— WHAT IS EXPECTED —
The lines below, from the one containing "一中学男生穿裙子戴假发跑步夺冠,学校称其违反体育精神取消成绩,当地教育局介入" through the one containing "2011年8月28日,句容九", should be set down exactly, with no pictures and nothing else.

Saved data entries
• • • • •

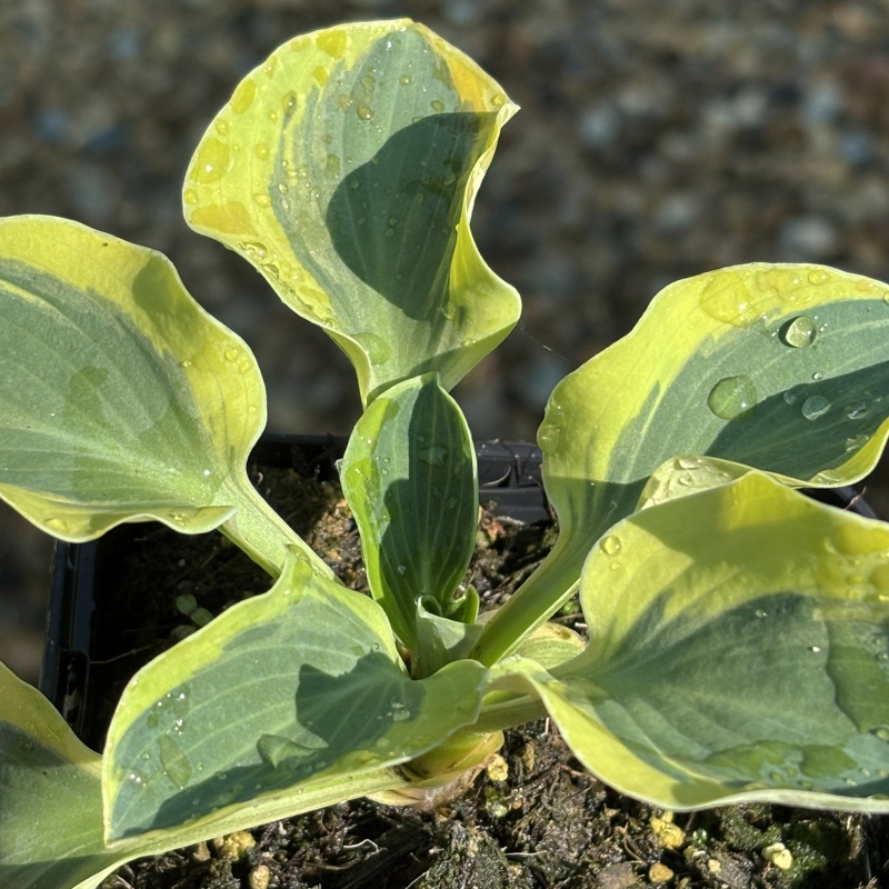Mini-hosta met dik blauwgroen blad met brede crèmegele rand. Compacte groei.
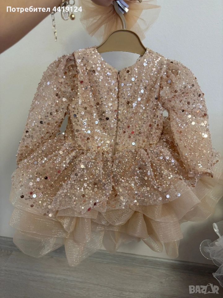 Златиста рокля подходяща за момиченца от12-18м ома към нея и подарък ефектна фиба за коса
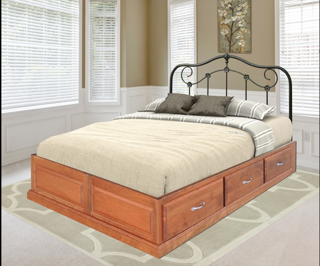 Amish Space Saver Platform Drawer Bed, Queen Size - Headboard Not Included Shown in Oak Wood, Also available in Other Wood Species
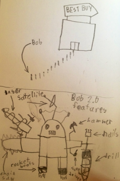 Robo Bob was really excited because his 2.0 upgrades came out. We thought it was great too. But when we went to Best Buy, there was a long line of robots also waiting to get upgraded.
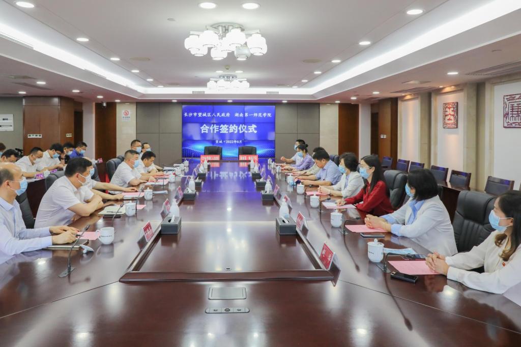 公司党政办主任任晓晴、yl1111永利集团/教师培训公司经理曾晓洁、副经理张俭明、院办公室主任刘峰、合作办学科科长赵华等一行和望城区有关部门领导见证签约。
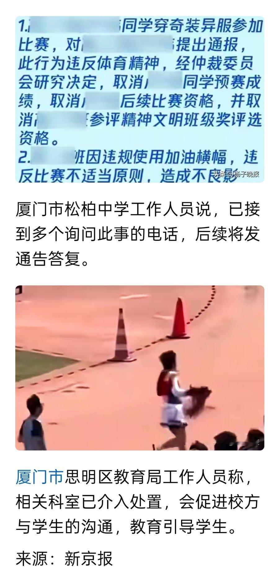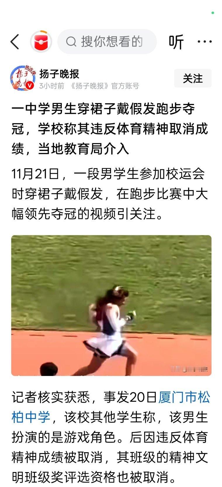 一中学男生穿裙子戴假发跑步夺冠,学校称其违反体育精神取消成绩,当地教育局介入
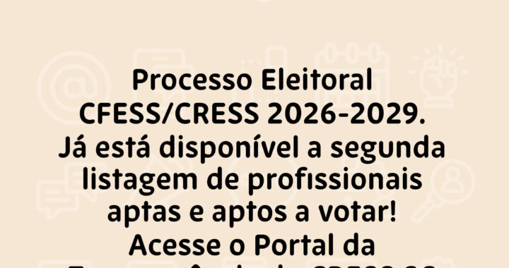 Processo Eleitoral CFESS/CRESS 2026-2029 Já está disponível a segunda listagem de profissionais aptas e aptos a votar! Acesse o Portal da Transparência do CRESS SC e confira! Acesse por meio do endereço https://abre.ai/oJYA CRESS 12ª […]
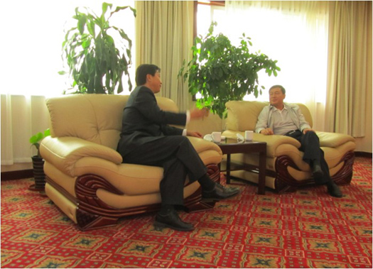 2011年8月28日,句容九州桑果酒业公司董事长高庆国博士 与伊犁巩留县委书记李世民同志交流,介绍在当地投资的皇地庄园及紫酒项目情况,双方进行了愉快的交流。
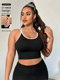 Rhythm Era Plus Size Women Solid Color Mesh Patchwork Sports Bra, Suitable For Daily Fitness
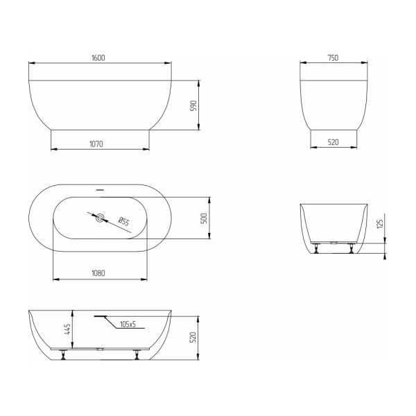 • Овальные и круглые — стильный выбор для современных и просторных ванных комнат.
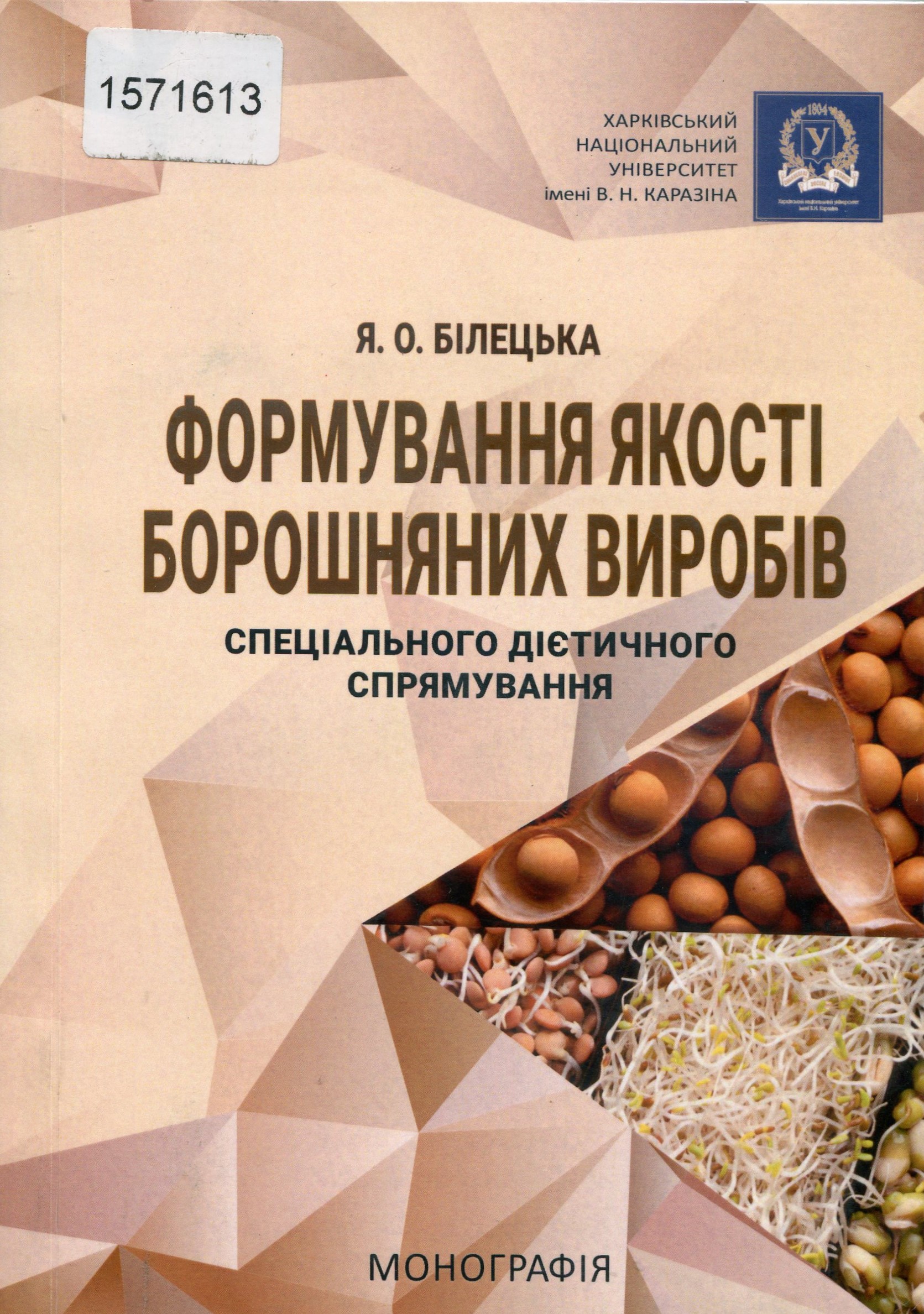 664.66 (02.064) Б 11 Білецька Я.О. Формування якості борошняних виробів спеціального дієтичного спрямування: монографія / Я.О.Білецька.- Харків: ХНУ імені В.Н. Карамзіна, 2020.- 116 с.
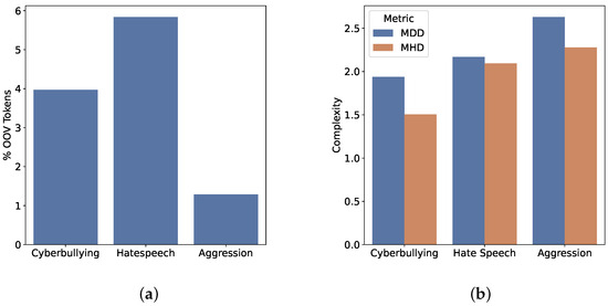In addition to examining the basic properties, we calculated several metrics to assess the quality and complexity of the textual data. Figure 2a displays the percentage of out-of-vocabulary (OOV) tokens in each dataset (computed using spaCy toolkit). A high number of OOV tokens may suggest the presence of numerous neologisms, typographical errors, or other language inaccuracies. As anticipated, the Aggression dataset, which features parliamentary language, contains only slightly more than 1% OOV tokens, indicating its high quality.
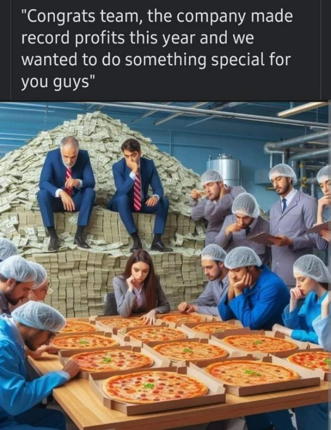 >>217400467Greed trickles down. Now your corner Mom and Pop take more of your pie to survive, and still, everything is fine.

• • • • •

— ANSWER TO THIS PROBLEM —
 一中学男生穿裙子戴假发跑步夺冠,学校称其违反体育精神取消成绩,当地教育局介入
 Processo Eleitoral CFESS/CRESS 2026-2029 Já está disponível a segunda listagem de profissionais aptas e aptos a votar! Acesse o Portal da Transparência do CRESS SC e confira! Acesse por meio do endereço https://abre.ai/oJYA CRESS 12ª […]
 2011年8月28日,句容九州桑果酒业公司董事长高庆国博士 与伊犁巩留县委书记李世民同志交流,介绍在当地投资的皇地庄园及紫酒项目情况,双方进行了愉快的交流。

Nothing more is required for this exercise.